The round was led by Precursor Ventures and supported by Trail Mix Ventures, Halogen Ventures, Techstars Ventures, and angel investors including Partpic founder Jewel Burks, according to a report in Hypepotamus. Capital also came from Soymet Energy, an alternative energy company that is interested in the potential of food waste for energy.

Goodr raised $100,000 in an earlier seed-stage round that closed in January, 2018, according to CrunchBase. Investors included Techstars, Techstars Anywhere Accelerator and Right Side Capital Management. In February 2018, Goodr was chosen to be one of 10 founding teams in the inaugural virtual accelerator, Techstars Anywhere Class of 2018. Goodr beat out applicants from around the world and made it into the top 1 percent of finalists.

food waste management

This new round is the first institutional money Goodr has raised. It will be used to help the company expand to other cities.

Jasmine Crowe, the CEO and founder of Goodr, is a social entrepreneur with no tech background. Her team of five people is on track to hit 1 million pounds of food distributed in one year. Clients include Hartsfield-Jackson Atlanta International Airport, the Georgia World Congress Center, Turner Broadcasting and Ponce City Market.

Goodr charges customers a fee for its service, based on how much food the company is recovering and how often Goodr goes out to recover food. Goodr then distributes the food to organizations in the area that help the community and people who are food insecure. It’s a way for companies to support the communities around them, Crowe told Moguldom in an earlier report.

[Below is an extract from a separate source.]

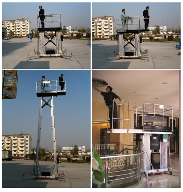單柱鋁合金升降機(jī):該系列產(chǎn)品為室內(nèi)型,廣泛適用于星級(jí)酒店,大型超市等各行業(yè)大廳、廠房內(nèi)的高空作業(yè), 具有升降平衡,操作方便,能進(jìn)入一般門廳,可隨意進(jìn)出電梯且耗電少、工作時(shí)不傷 地面,可用于貼墻工作及探出作業(yè),工作無死角。

Goodr’s dashboard shows clients how much they’re saving in tax deductions from their donations.

“We see ourselves as a waste management company,” Crowe told Moguldom. “When an organization pays us to pick up their surplus, they get a tax benefit from it. So, for every dollar they spend with us, we save them $14.”

Goodr is looking to expand outside Atlanta, with pilot programs set to begin in test markets Chicago, Los Angeles and Raleigh within the next few months, Hypepotamus reported.

The company will be picking up food from MetLife Insurance in Raleigh, Chicago’s McCormick Place (the largest convention center in North America), and is meeting with city officials in LA to discuss a possible city-wide pilot.

Crowe wants to bring on board a chief technical officer and a sales team to scale the on-demand food-pickup service, adding a new offering that will license Goodr’s technology, which alerts pickup operators when food is ready to go and sends it where it is needed using a software-as-a-service model.

“Many companies, especially food distributors, already have donation programs in place but would use the technology to streamline the process, Crowe told Hypepotamus. They’re piloting it first with Campbell’s Soup Company and are in talks with other food brands.”

Crowe said Goodr is getting attention from all over the country.

“The inbound leads for Goodr are literally phenomenal,” she said. “We really know we found product-market fit at the exact right time.”